If it can be proved that the act of issuing stocks is genuine, it may constitute this crime.
The judgment viewpoint of Case No. 1612 of "Criminal Trial Reference" : "The crime of issuing stocks, company bonds or enterprise bonds without authorization indeed involves the issuance of stocks and bonds. The funds raised have clear purposes and are actually used for the agreed projects. In terms of operation methods, there is no difference from the legal issuance of stocks. Its illegality lies in the fact that the issuance behavior has not been legally approved by the relevant departments." Of course, it remains a question to be discussed whether the substantive or formal requirements for the legal issuance of stocks must be met to satisfy this standard. However, at least for now, the judicial discretion standards have been clarified to a certain extent, and the substantive or formal standards have given a certain space for defense.
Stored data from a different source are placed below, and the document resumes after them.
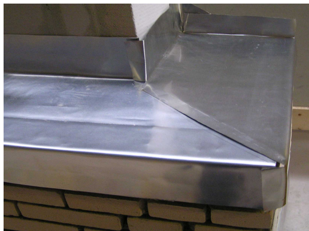
Bending / folding LACOMET® FL can easily be bent or folded.
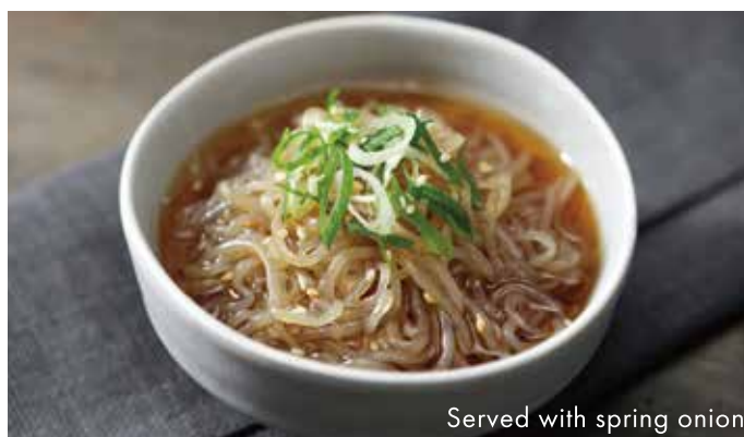
Served with spring onion
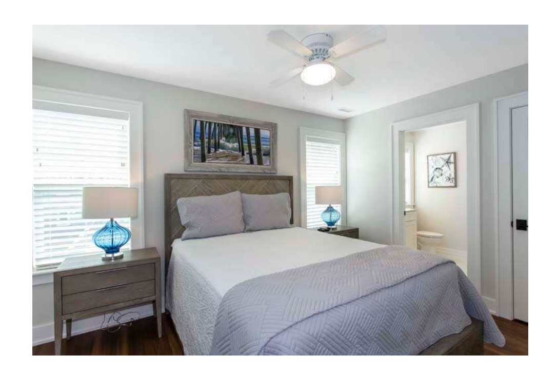
Room 12 Queen Suite (Mid Floor)

Queen Bed/Double Occupancy, Private Bath $480 per person
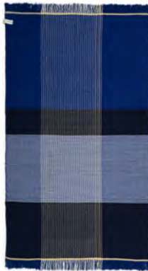
marine blue/black/yellow 00ARU23
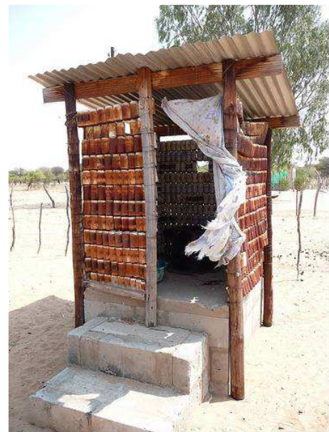
Fig. 5: Ecosan UDD toilet built out of beer cans in Hanahai. The most creative superstructure in the region!

There were some difficulties during project implementation. Notably, there were delays in making the super-structures of the toilets, mainly due to financial reasons and involvement of households in drought relief projects. Also, acceptance of the concept of using waste for composting purposes was a challenge. Fencing and proper protection of the backyard gardens was often neglected.
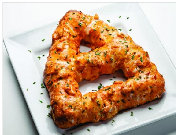
Arooga's crab pretzel is a delicious treat.

Arooga's Grille House & Sports Bar is widely known for its award-winning wings and wall-to-wall large screen TVs, however, it also boasts a diverse menu featuring its famous Arooga's Crab Pretzel, Wagyu Kobe Burgers, all-natural soups and dips and a huge draft selection featuring many craft beers and handcrafted cocktails. Out of the three Arooga's locations in Harrisburg, two offer private dining rooms: The Route 22 Allentown Boulevard location's private room can accommodate approximately 30-40, while the Route 39 Linglestown Rd. location's private room can fit 30. Although there's no private room in the downtown location on North 2nd Street, it's still equipped to accommodate large groups.
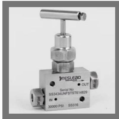
TWO WAY STRAIGHT NEEDLE VALVES
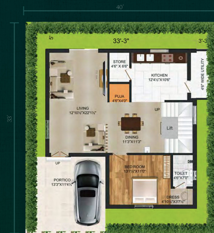
40' WIDE EAST ROAD
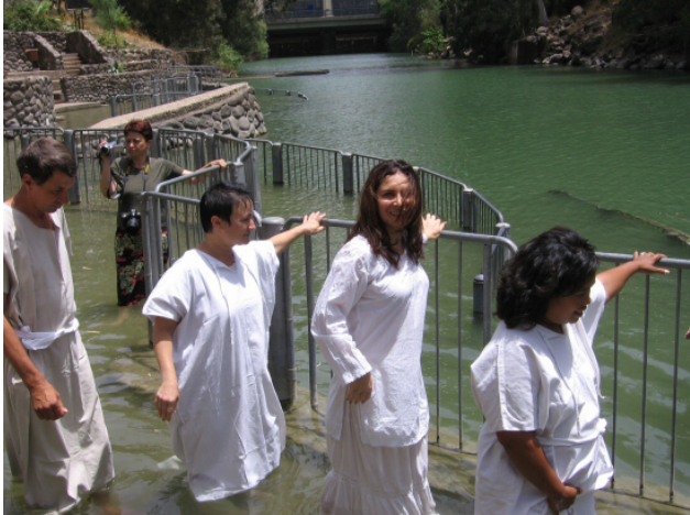
Going through the Baptism (Mikvah)

We have young believers among us who have come to us from the Homeless Outreach in Tel Aviv and have made the covenant with our LORD and Savior, the King and the Messiah of Israel. This covenant, as you know, is a blood covenant of our redemption paid by our Great King and Savior for us.

2. The repurchase and investment compensation clauses are not directly equivalent to "inducement"
If the repurchase and investment compensation clauses do not necessarily trigger, they cannot be regarded as having the feature of inducement. If the matters promised by the enterprise may be realized and, considering the enterprise's operating conditions, there is a nature of a put option, it is obviously different from the principal and interest guarantee commitment. At present, in judicial practice, the previous one-size-fits-all approach has been abandoned. The nature of the repurchase and investment compensation clauses has been gradually examined and distinguished to a certain extent from the principal and interest guarantee commitment, providing greater space for defense.
In conclusion, the legal supervision during the issuance stage of securities crimes is becoming increasingly strict. Enterprises need to pay attention to the potential serious blow that the hidden criminal risks in the issuance stage may cause to the enterprise in the future. However, at the same time, the boundary between this crime and that crime is gradually becoming clear, leaving more space for lawyers to prevent and control risks and defend. Enterprises have the opportunity to effectively control risks in the early stage of case development. Ensure the compliant operation of the listing after issuance.